The following image shows what the data product tag template defined by the data_product.yaml file looks like in the Data Catalog console:

Data product template in a data mesh project.

Ideally, we recommend that you only tag a data product once from the data product template. The following image is an example of such a tag created from the template:

Single tagged product in the data product template.

If the data product is stored in BigQuery, you must attach the tag to the BigQuery dataset that contains the resources. If the data product is stored in Cloud Storage, you must attach the tag to the top-level folder (or bucket) that holds the data resources for the product. In certain cases, some storage systems, such as Pub/Sub, don't provide a construct for grouping related data resources. When you're using the data product template and there's no logical container available, you must tag each individual data resource, for example, every Pub/Sub topic. It's better to have redundant data product tags on a subset of resource types than to be missing those tags.

The data resource template

The data resource template, created by the Python script from the data_resource.yaml file, contains aggregate statistics about the data in the resource. You use this template to tag the data resources in the data product (for example, the tables, views, or files). Analysts can then use this information to determine whether the data within the resource matches their use case.

The data resource template contains information about the data sensitivity of the resource, the number of fields, the number of records, and the volume of the data. It also contains a listing of the global identifiers that are present in the resource. The identifiers are useful for understanding whether one data resource can be joined with another, potentially from a different domain.

The following image shows what the data resource tag template that's defined by the data_resource.yaml file looks like in the Data Catalog console:

Data resource tag template in Data Catalog.

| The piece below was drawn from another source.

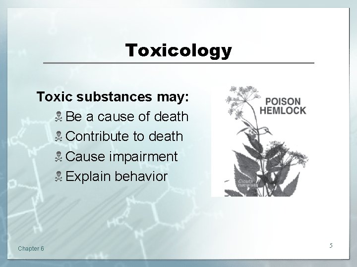 Toxicology Toxic substances may: N Be a cause of death N Contribute to death N Cause impairment N Explain behavior Chapter 6 5

In the preceding image, the fields for the data resource tag are a mix of user-defined and auto-generated values. The data_sensitivity field is inferred from the data attribute tags, which are discussed in the data attribute section. The aggregate statistics fields (num_fields, num_records, and size) are computed by using basic data profiling techniques. When the data resource is the source-of-truth for the data, the global identifier field values are user-defined. When the data resource is derived, the global identifier field values can be auto-generated from data flows. The goal is to auto-generate as many values as possible without compromising on the accuracy of the metadata.

The following image is an example of a tag that is generated by this template:

Tag generated by the data resource template.

Before adopting this template, you must customize the specific global identifiers in the template to match the identifiers that your organization uses. The fields in this template are not intended to be relevant to every resource type. For example, the num_records field is not applicable to a Pub/Sub topic or ML model resource type. In those cases, you would omit the non-applicable field from the tag.

The data attribute templates: Data sensitivity and data standardization

The data attribute templates consist of the data sensitivity template and the data standardization template.

The data sensitivity template, created by the Python script from the data_sensitivity.yaml file, classifies the sensitivity of individual elements in a data resource. The sensitive_type field is a refinement of the data_sensitivity field from the data resource template and applies to a single data attribute. The following image shows what the data sensitivity tag template defined by the data_sensitivity.yaml file looks like in Data Catalog:

Data sensitivity tag template in Data Catalog.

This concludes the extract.